Hint: The velocity is directly proportional to the square root of the height. For the ratio of linear momentum, multiply the ratio of the velocity to the ratio of the velocity.

Formula used: In this solution we will be using the following formulae;
 $ p = mv $ where $ p $ is the linear momentum of a body, $ m $ is the mass of a body, and $ v $ is the linear velocity of the body.
 $ {v^2} = {u^2} + 2gh $ where $ v $ is the final velocity of a body falling from a height $ h $ , $ u $ is initial velocity and $ g $ is acceleration due to gravity.

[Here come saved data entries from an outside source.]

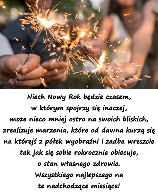 Niech Nowy Rok będzie czasem, w którym spojrzy się inaczej, może nieco mniej ostro na swoich bliskich, zrealizuje marzenia, które od dawna kurzą się na którejś z półek wyobraźni i zadba wreszcie tak jak się sobie rokrocznie obiecuje, o stan własnego zdrowia. Wszystkiego najlepszego na te nadchodzące miesiące!
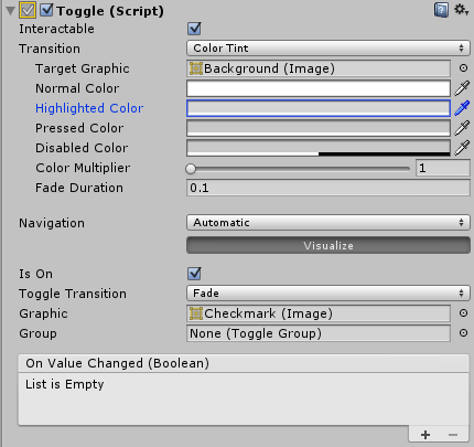 On Value Changed | 单击开关时调用的 UnityEvent。该事件可将当前状态作为 bool 类型动态参数发送。 |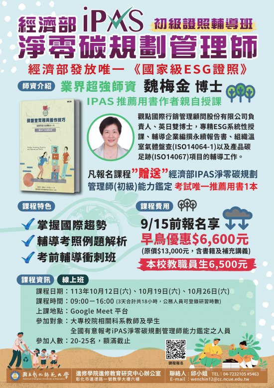 一、「113 年 iPAS 淨零碳規劃管理師(初級)能力鑑定輔導班(線上班) 」
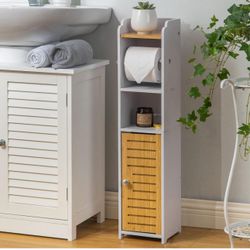 New in box Bathroom Storage Cabinet Toilet Paper Storage for Small Bathroom with Toilet Roll Holder,Toilet Paper Stand for Small Space,White/Bamboo$35Houston, TX
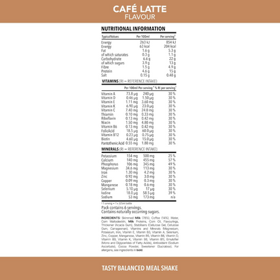 SlimFast Tasty Balanced Meal Cafe Latte Milkshake Multipack (6 x 325g) offers a convenient and satisfying solution for weight management, ideal for those with a busy lifestyle. Each creamy shake delivers a balanced meal with just 204 kcal, packed with 15g of protein, a good source of fibre, and enriched with 23 essential vitamins and minerals including Vitamin B6, B12, Magnesium and Zinc.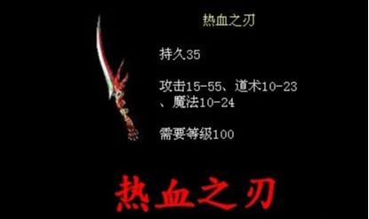 作为当年传奇玩家等级突破100级的标志性神兵,热血之刃也见证了玩家等级的变更,具有划时代的意义。热血之刃这把全新兵器属性是三职业通用的:攻击15-55,道术10-23,魔法10-24,需要等级100。同时热血之刃的外观非常好看,哪怕是很多早早退游的老玩家都忍不住要点赞。这把经典神兵经历这么多年之后依然很热门,在官服和非官服里面都依然闪耀。

Complete step by step answer:
Generally, when air resistance is neglected, the velocity of a body being dropped from a height is independent of mass and, if the initial velocity is zero, is directly proportional to the square root of the height at which the ball was dropped. Hence, we can write that the ratio of the velocities is
 $ \dfrac{{{v_1}}}{{{v_2}}} = \dfrac{{\sqrt {{s_1}} }}{{\sqrt {{s_2}} }} = \sqrt {\dfrac{{{s_1}}}{{{s_2}}}} $
The ratio of the height of the balls is said to be 4 : 9 which can be written as
 $ \dfrac{{{s_1}}}{{{s_2}}} = \dfrac{4}{9} $
Then from above, the ratio of their velocities would be
 $ \dfrac{{{v_1}}}{{{v_2}}} = \sqrt {\dfrac{4}{9}} = \dfrac{2}{3} $
Also, the ratio of their masses is said to be 3 : 2, which can be written as
 $ \dfrac{{{m_1}}}{{{m_2}}} = \dfrac{3}{2} $
Hence, the ratio of their linear momentum can be gotten from
 $ \dfrac{{{p_1}}}{{{p_2}}} = \dfrac{{{m_1}{v_1}}}{{{m_2}{v_2}}} = \dfrac{{{m_1}}}{{{m_2}}} \times \dfrac{{{v_1}}}{{{v_2}}} $
Since $ p = mv $ where $ p $ is the linear momentum of a body, $ m $ is the mass of a body, and $ v $ is the linear velocity of the body.
Hence, by inserting know values, we get
 $ \dfrac{{{p_1}}}{{{p_2}}} = \dfrac{3}{2} \times \dfrac{2}{3} = \dfrac{1}{1} $
Hence, the ratio is 1 : 1
The correct option is D.

Note:
For clarity, the fact that velocity can be given as the square root of height can be gotten from $ {v^2} = {u^2} + 2gh $ where $ v $ is the final velocity of a body falling from a height $ h $ , $ u $ is initial velocity and $ g $ is acceleration due to gravity.
Hence, if initial velocity is zero, we have
 $ {v^2} = 2gh $ or $ v = \sqrt {2gh} $
Hence, we can say $ v \propto \sqrt h $ .